When the Bees are beginning to work in a glass, a cold night generally obliges them to forsake their newly made combs, sends them down into the hive, and compels them to discontinue their labours which are seldom resumed till the middle of the next day; to prevent this delay I would recommend the space between the glass and its cover to be filled with fine tow or wool, the temperature of the glass being thereby kept up, and the Bees enabled to carry on their labours without interruption.

Experience has proved that the milk-pan is the best of all protections for a hive, provided it be six inches in diameter larger than the hive itself.

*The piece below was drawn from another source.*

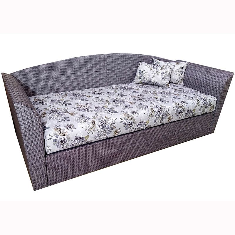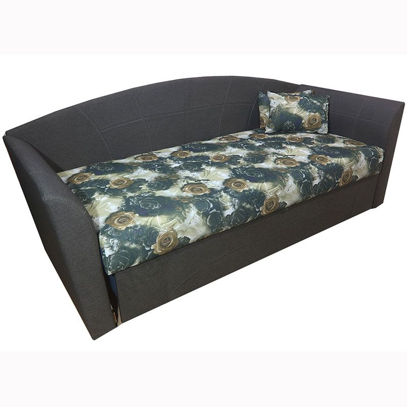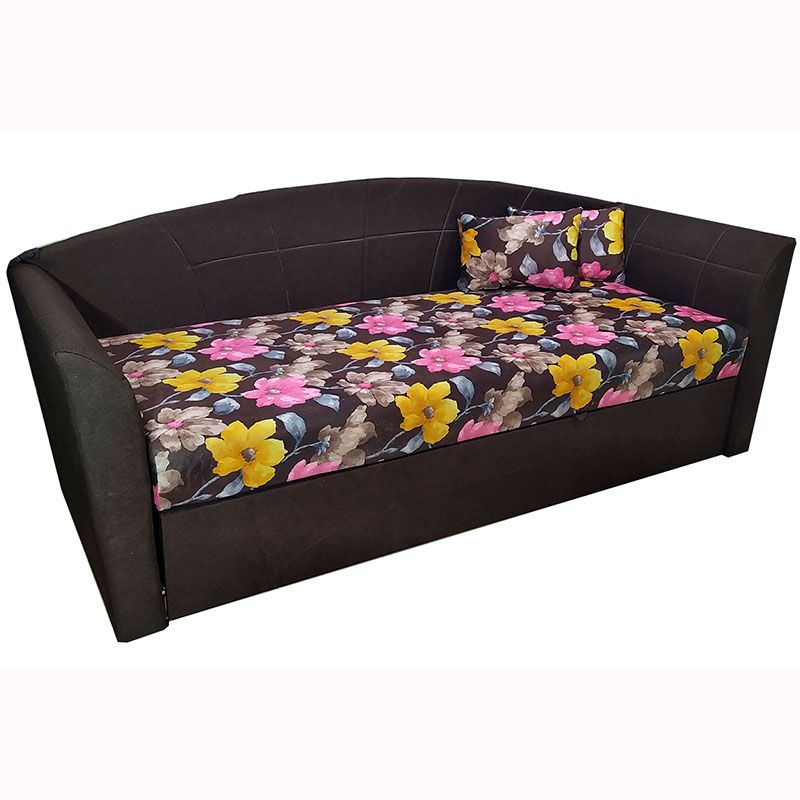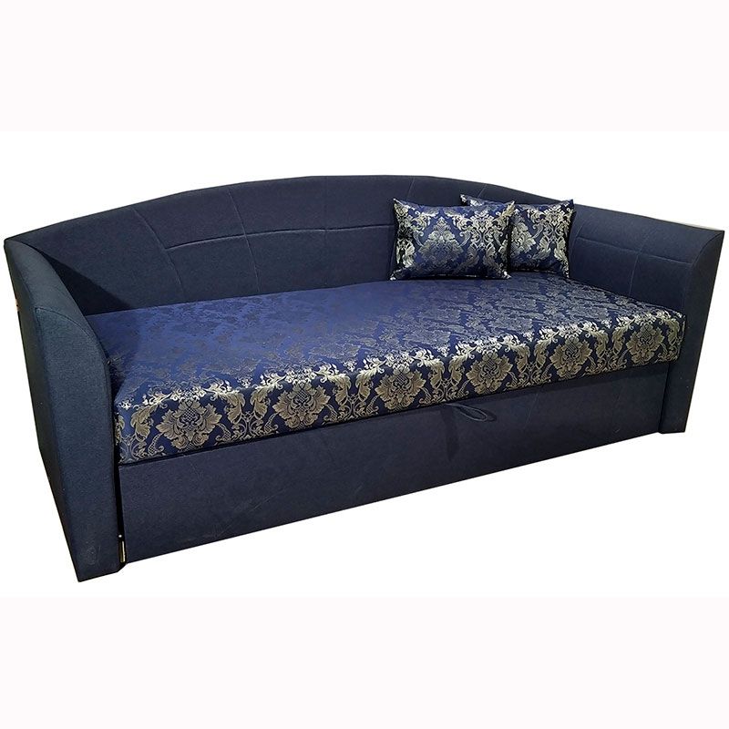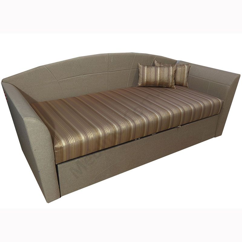 Розкладна тахта з підлокітниками та маленькими подушками.

When the Box is filled with honey and the combs partially sealed, or when the Bees are seen to cluster at the mouth of the Hive at nine or ten o'clock in the morning, let no time be lost in lifting up the Box, and placing between it and the Stock-hive another Box with a hole in the top; the adapter ([fig. 5]) will be found very useful in this operation. It is necessary to use this precaution at all times, but more especially in a rainy season as a greater disposition amongst the Bees to swarm then prevails. "Dry weather makes plenty of honey, and moist, of swarms."[5] However incorrect this position may at first sight appear, the attentive observer will quickly become convinced of its truth.

[5] Purchas on Bees.

Since the publication of the first edition of this little Treatise, many persons have said to me, "their Bees would swarm, although the small hive had been placed on as directed above, and sometimes after they had commenced working in it," the reason for which in my opinion is, that the second small hive was not supplied soon enough, for the like has never in a single instance occurred with my own Bees. I have not had a swarm these twenty years from any of the hives worked upon the Depriving System, occasionally I have compelled a hive to swarm, to fill up a vacancy in my number, where the Queen has died, or some other accident destroyed the stock.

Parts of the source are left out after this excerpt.